(Source data)
__________

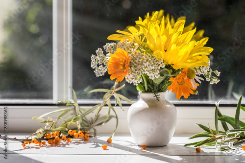 vase, chamomile, house, window sill, flower, sunshine, white, spring, water, sunflower, decorative, day, yellow, life, green, beautiful, beauty, kitchen, summer, ray, bright, nirvana, calm down, glasses, heat, decoration, morning, background, bloom
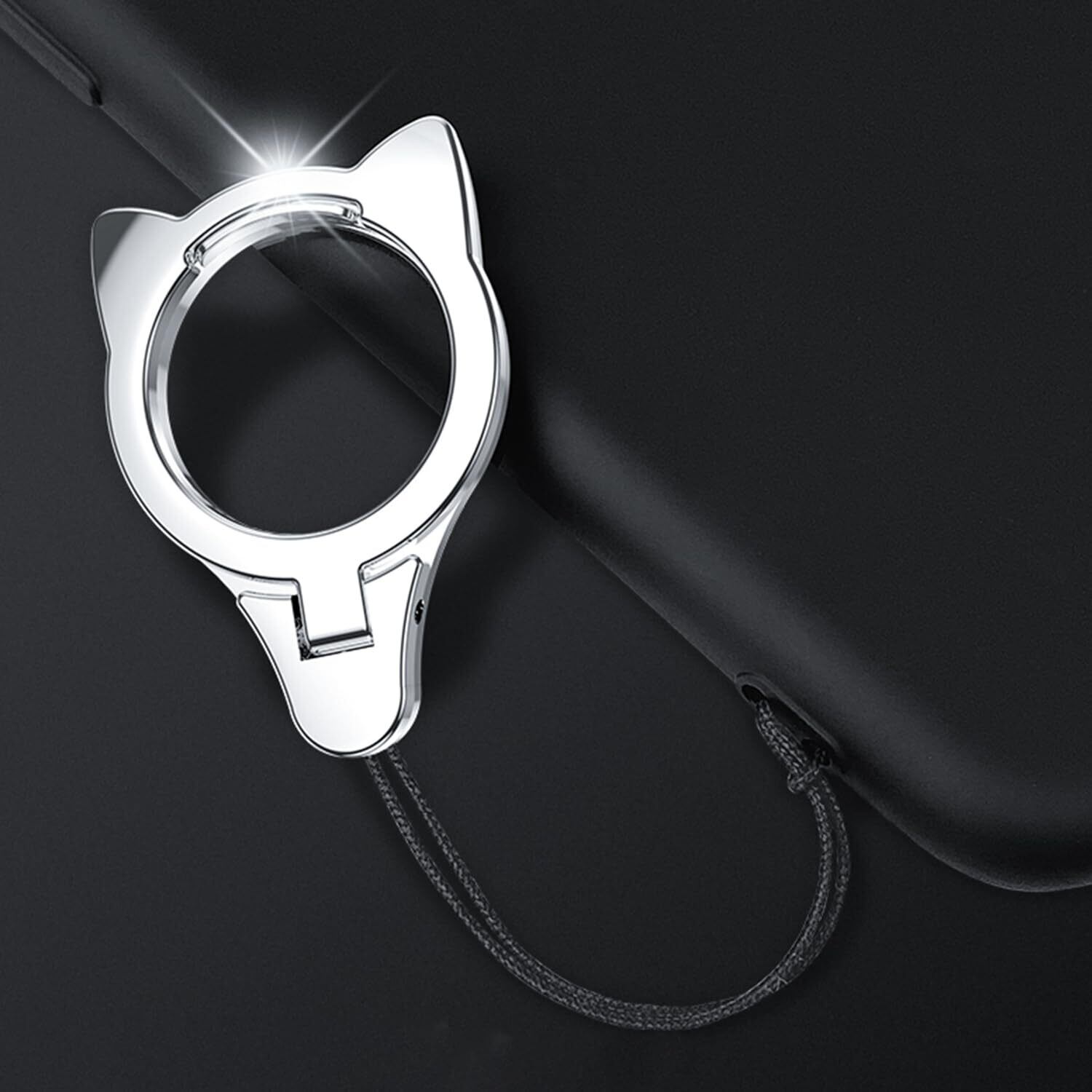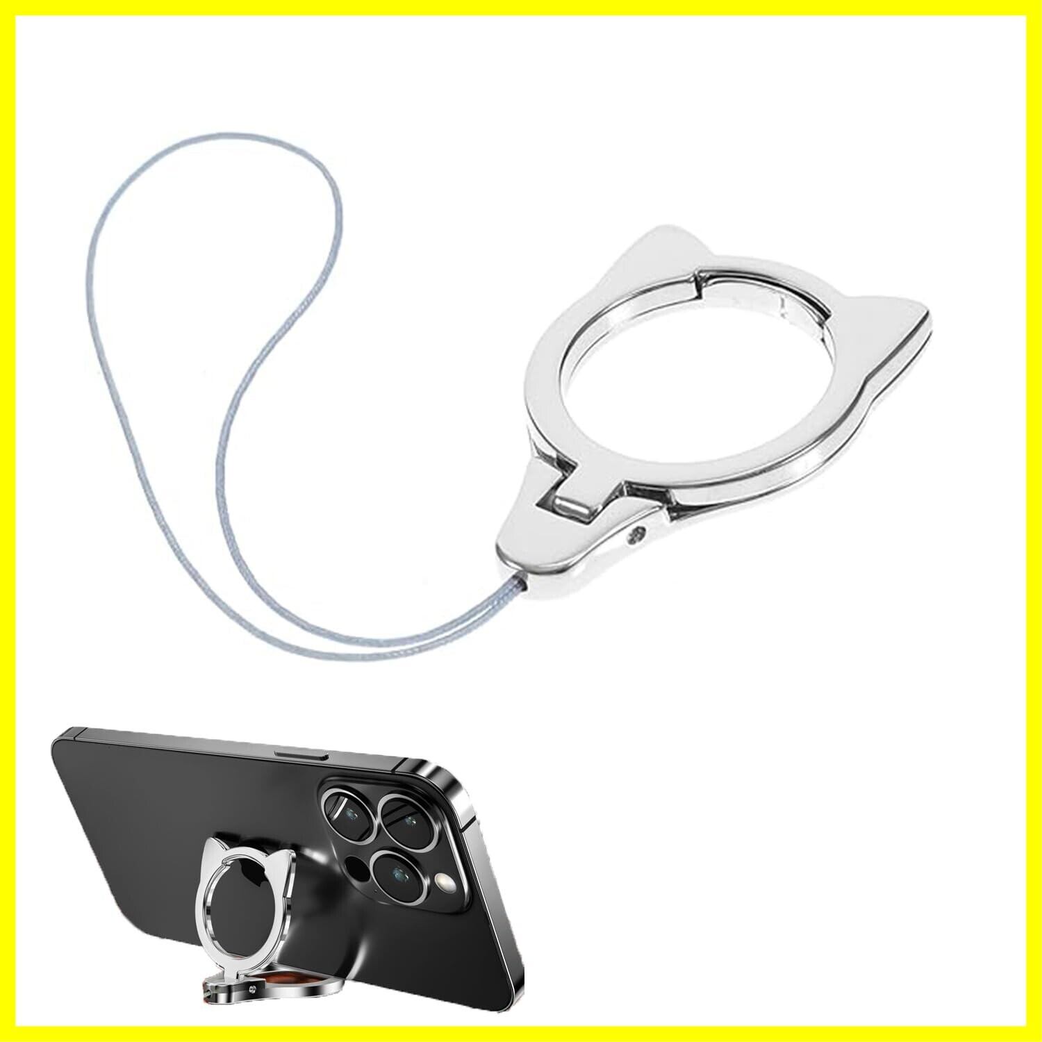 スマホリング スマホスタンド 2in1 落下防止 猫 かわいい 猫耳 スマホアクセサリー スマホストラップ 携帯ストラップ スタンド リングストラップ スマホ落下防止 さびない 丈夫 携帯電話ホルダーストラップ 多機能クリエイティブリングバックル、携帯電話ホルダーとして使用可能 シルバー
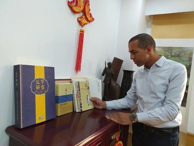 阿巴斯向記者介紹中國(guó)文化相關(guān)書籍。黃培昭攝
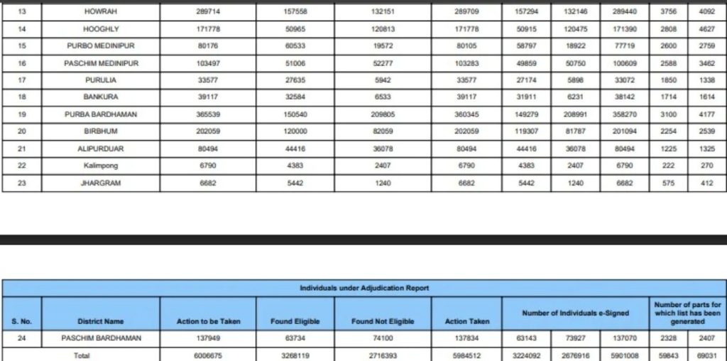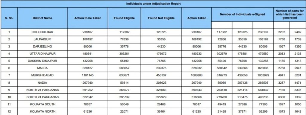 निर्वाचन आयोग के इतिहास में ये पहली बार है जब पश्चिम बंगाल एसआईआर के संबंध में जिलावार एडिशन और डिलिशन (नाम जोड़ना/हटाना) का डेटा सार्वजनिक किया गया है. आयोग का उद्देश्य इस पूरी प्रक्रिया में पारदर्शिता लाना और चुनावी सूचियों की विश्वसनीयता बढ़ाना है। विचाराधीन मामलों की इतनी बड़ी संख्या का निपटारा करना एक बड़ी प्रशासनिक चुनौती थी, जिसे न्यायिक अधिकारियों की मदद से पूरा किया गया है। ये डेटा अब सार्वजनिक तौर पर उपलब्ध है।
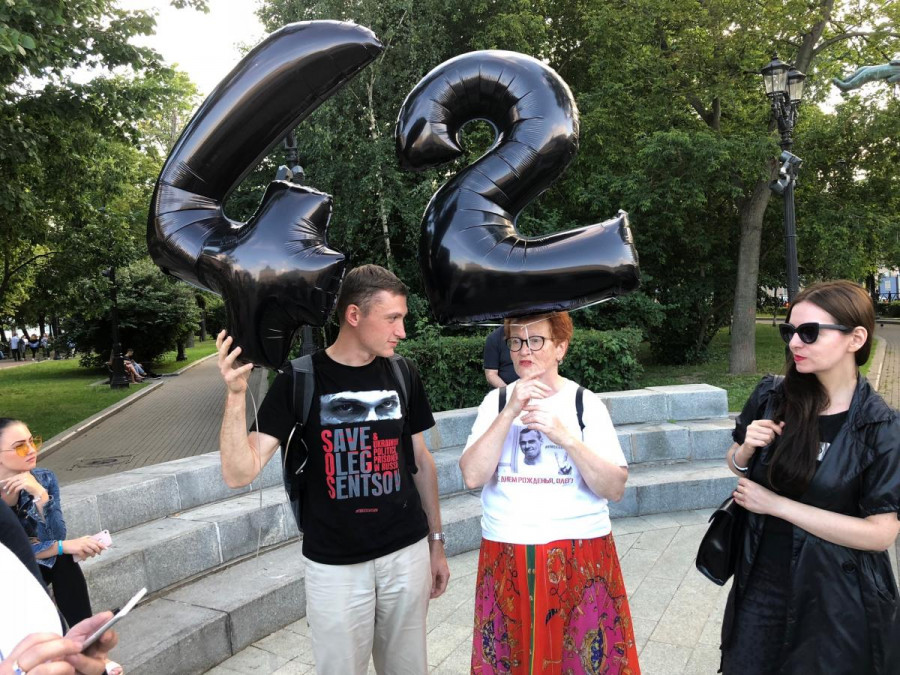 Олег Сенцов відзначає вже п'ятий день народження за ґратами На футболках учасників акції написано: «#FreeSentsov», «Із Днем народження, Олеже», «Свободу Сенцову». Крім того, в руках вони тримають дві повітряні кульки з цифрами 42.
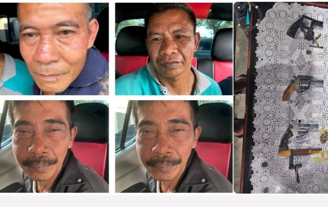 ” Untuk senjata kita mengamankan 1 pucuk senjata api rakitan laras pendek jenis revolver berikut 8 butir amunisi, 1 pucuk senjata api rakitan laras pendek jenis revolver berikut 7 butir amunisi,1 pucuk senjata api rakitan laras pendek jenis revolver berikut 4 butir amunisi, 1 bilah pisau milik korban yang diambil oleh tersangk,.2 unit Hp Nokia tipe 105 ,1 unit Hp Nokia tipe 106 Ds,1 unit Hp Vivo tipe Y12,1 unit Hp Vivo tipe 1816,1 unit Hp Vivo tipe Vivo,” urainya.
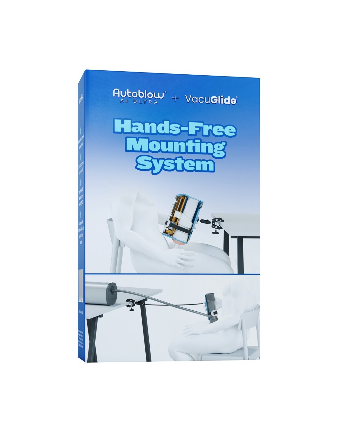 Il pratico sistema di montaggio Hands-Free di Autoblow allinea i masturbatori Ultra e VacuGlide esattamente nella posizione giusta per un divertimento a mani libere durante la masturbazione, da seduti o in piedi. Si fissa in modo facile e veloce a qualsiasi piano fisso (tavolo) e si allinea all'angolo giusto. Il robusto sistema di montaggio Hands-Free è composto da:
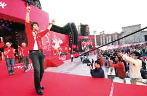 前日傍晚,由香港知名音樂人林夕和雷頌德共同為奧運贊助商創(chuàng)作的歌曲《紅遍全球》在奧運圣火點燃之際發(fā)布。在韓國著名組合Super Junior成員韓庚領(lǐng)頭下,18名來自全國各地的奧運火炬手與前奧運冠軍高敏等一起現(xiàn)場演繹了這首歌。作為目前韓國最當紅的組合Super Junior(以下簡稱SJ)里面唯一一個中國成員,韓庚在中國的人氣銳不可擋,對于這次有幸擔任1號火炬手,他前晚接受本報獨家專訪時表示感到很開心,一定要看奧運的開幕式,并且他透露今年會將大部分時間放在中國,而且SJ也會分組一隊專門針對中國市場的組合,并計劃推出中文專輯。
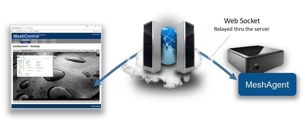One interesting aspect of MeshCentralās design is how the agent connects to the server. We wanted a way for the agent to connect to the server that would be similar to how browsers connect to web servers. This allows for a large number of agents to connect just like if a large number of browsers where connecting. All of the infrastructure that helps web serverās scale would be put to use in the same way for agent connections. For example: TLS offload hardware, load balancers, reverse-proxies, web server scaling, etc. could all be put to use. It also makes the server easier to setup because only one port (HTTPS 443) is needed for both users and agents.
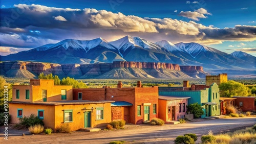 Vibrant adobe buildings stand against a backdrop of rugged blue mountains in a quaint Pueblo West, Colorado town, exuding Old West charm and rustic appeal.
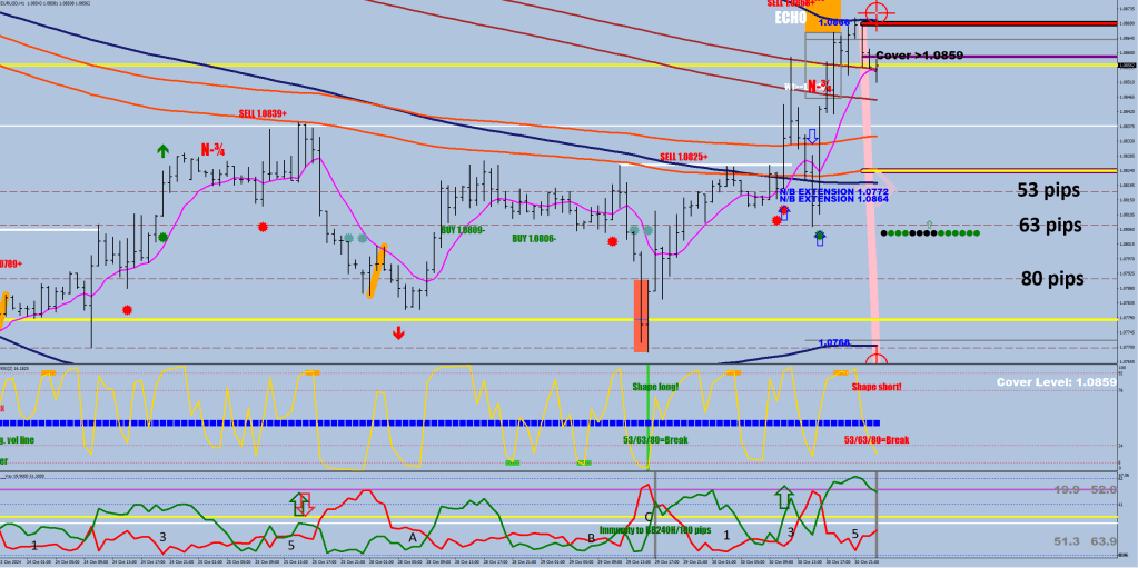 In the first image, you can see the 80-pip checkpoint, at 1.0791. Breaking that would clarify the intention of making that missing lower low. A typical beat would be 16 pips beyond the previous low, so around 1.0745.
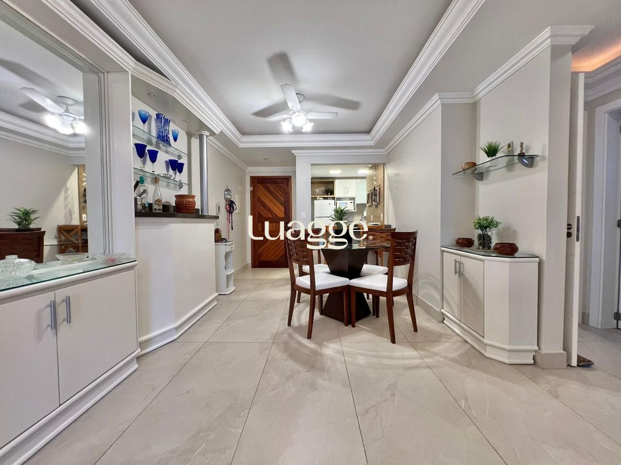 Além disso, o imóvel está repleto de comodidades, incluindo armários embutidos, móveis planejados, ar condicionado, elevador, churrasqueira, interfone, lavanderia, luminárias, e sala de jantar.
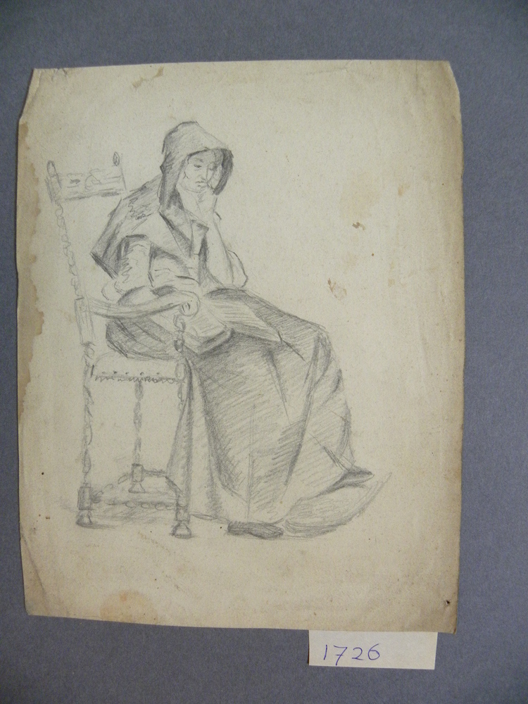 Potloodtekening voorstellende vrouw op stoel, ca. 1870.
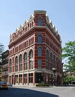 Troy's one-time great wealth was produced in the steel industry, with the first American Bessemer converter erected on the Wynantskill Creek, a stream with falls in a small valley at the south end of the city.[7] The industry first used charcoal and iron ore from the nearby Adirondack Mountains. Later, ore and coal from the Midwest were shipped via the Erie Canal to Troy and were processed before being sent down the Hudson River to New York City. The iron and steel also were used by the extensive federal arsenal located—as it is today—across the Hudson at Watervliet, a community then called West Troy. After the Civil War, the steel production industry moved west to be closer to raw materials. The presence of iron and steel also made it possible for Troy to be an early site in the development of iron storefronts and steel structural supports in architecture, and some significant early examples remain in the city.
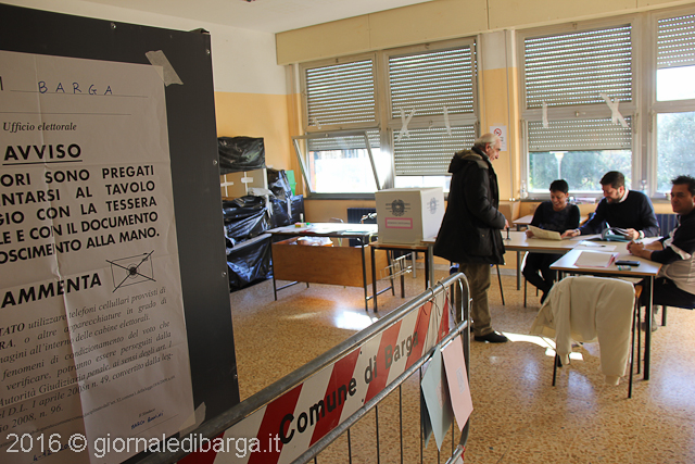 Ore 0,30 – scrutinate tutte le sezione del comune di Barga. Il No vince in 11 su 13 sezioni con il 54,81% e 3104 voti contro 2664. Le sezioni dove vince il sì sono solo la 8 e la 9.
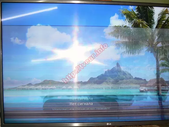 К такой сложной неисправности, когда на матрице современного телевизора появляются горизонтальные линии (полосы), могут приводить различного рода механические воздействия, например, удары или толчки, падения или вибрации. В любом случае ремонт матрицы телевизора будет не только сложным, но и достаточно дорогостоящим. Это подтверждает данный случай, когда на 43-дюймовом экране жидкокристаллического (Smart TV) телевизора с LED подсветкой появились многочисленные горизонтальные полосы. Они очень хорошо видны внизу возле рамки, ближе к середине они как бы становятся полупрозрачными, на цветном изображении их тяжело увидеть (фото № 2). Ближе к верхней рамке еще одна полоса, более толстая, чем остальные. Данная модель телевизора отличается высокими характеристиками, в ней были использованы самые современные функции и технологии. Это говорит о том, что такой сложный ремонт матрицы телевизора должен выполняться опытными телемастерами. Более того, для его осуществления не обойтись без специального оборудования. После того, как в ходе диагностики были точно определены те компоненты матрицы, которые вышли из строя, они были заменены на новые. Такой ремонт оказался с положительным результатом, при этом пользователю дали рекомендации по правильной эксплуатации этой современной техники. На ремонт и детали выдана гарантия.
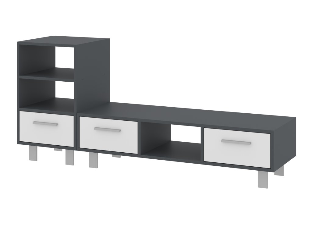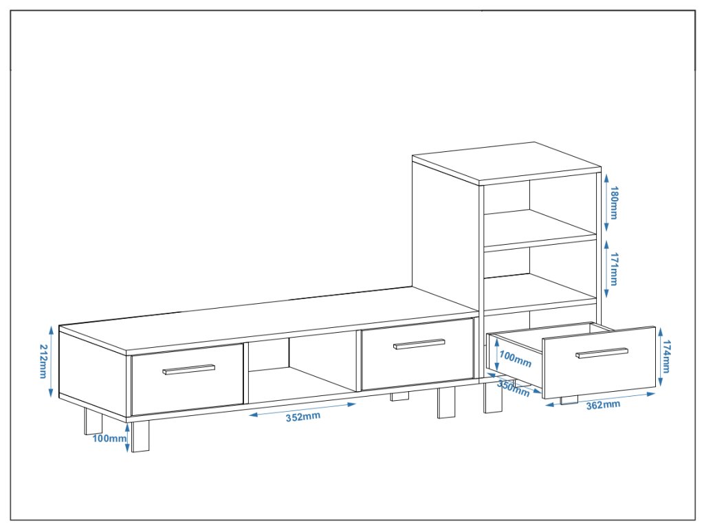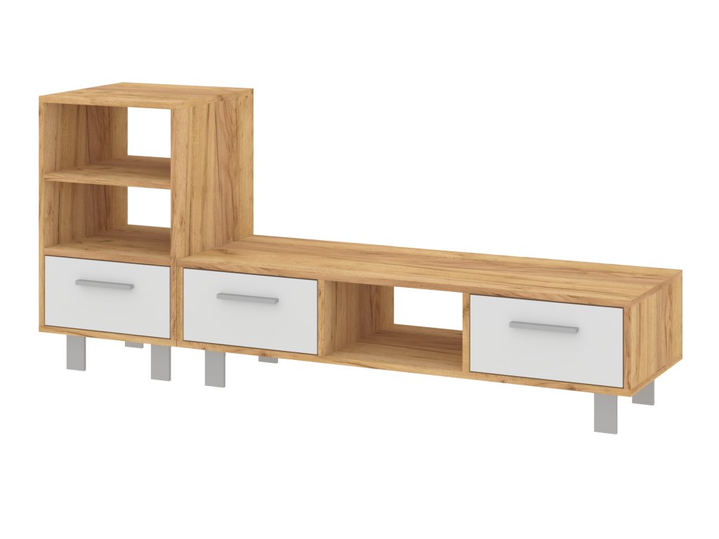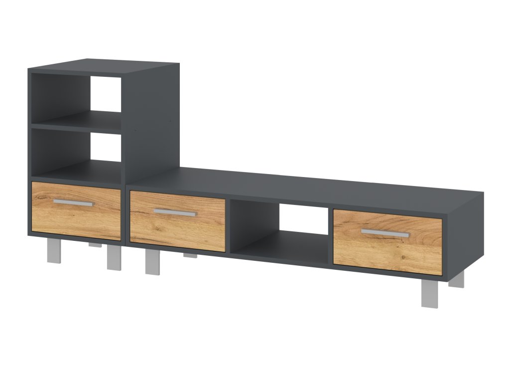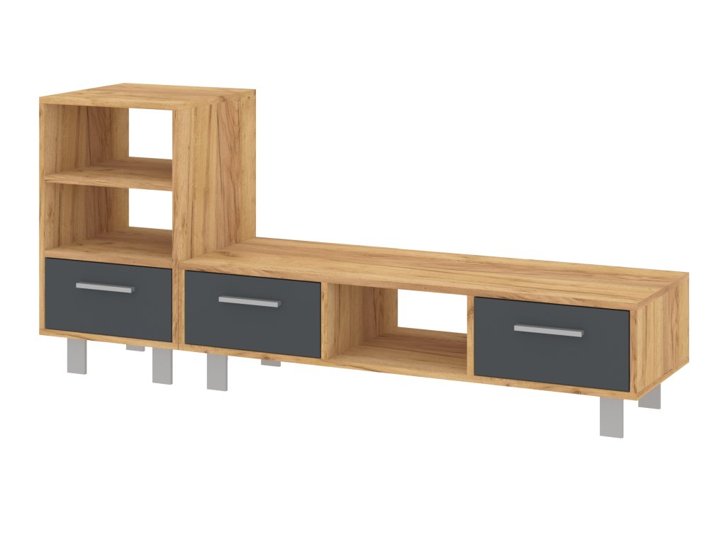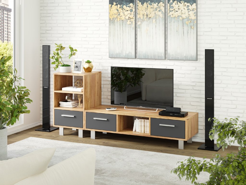 - Praktický úložný prostor: Díky kombinaci zásuvek, otevřených polic a regálu si snadno uspořádáte vše, co potřebujete mít po ruce – od elektroniky až po knihy či dekorace.

__________

- **Work to be completed**
The result should be an exact copy of only the lines above from the one that holds "Untuk senjata kita" through the one that holds "Il pratico sistema", both ends included, without pictures.

- **Task response**
 ” Untuk senjata kita mengamankan 1 pucuk senjata api rakitan laras pendek jenis revolver berikut 8 butir amunisi, 1 pucuk senjata api rakitan laras pendek jenis revolver berikut 7 butir amunisi,1 pucuk senjata api rakitan laras pendek jenis revolver berikut 4 butir amunisi, 1 bilah pisau milik korban yang diambil oleh tersangk,.2 unit Hp Nokia tipe 105 ,1 unit Hp Nokia tipe 106 Ds,1 unit Hp Vivo tipe Y12,1 unit Hp Vivo tipe 1816,1 unit Hp Vivo tipe Vivo,” urainya.
 Il pratico sistema di montaggio Hands-Free di Autoblow allinea i masturbatori Ultra e VacuGlide esattamente nella posizione giusta per un divertimento a mani libere durante la masturbazione, da seduti o in piedi. Si fissa in modo facile e veloce a qualsiasi piano fisso (tavolo) e si allinea all'angolo giusto. Il robusto sistema di montaggio Hands-Free è composto da:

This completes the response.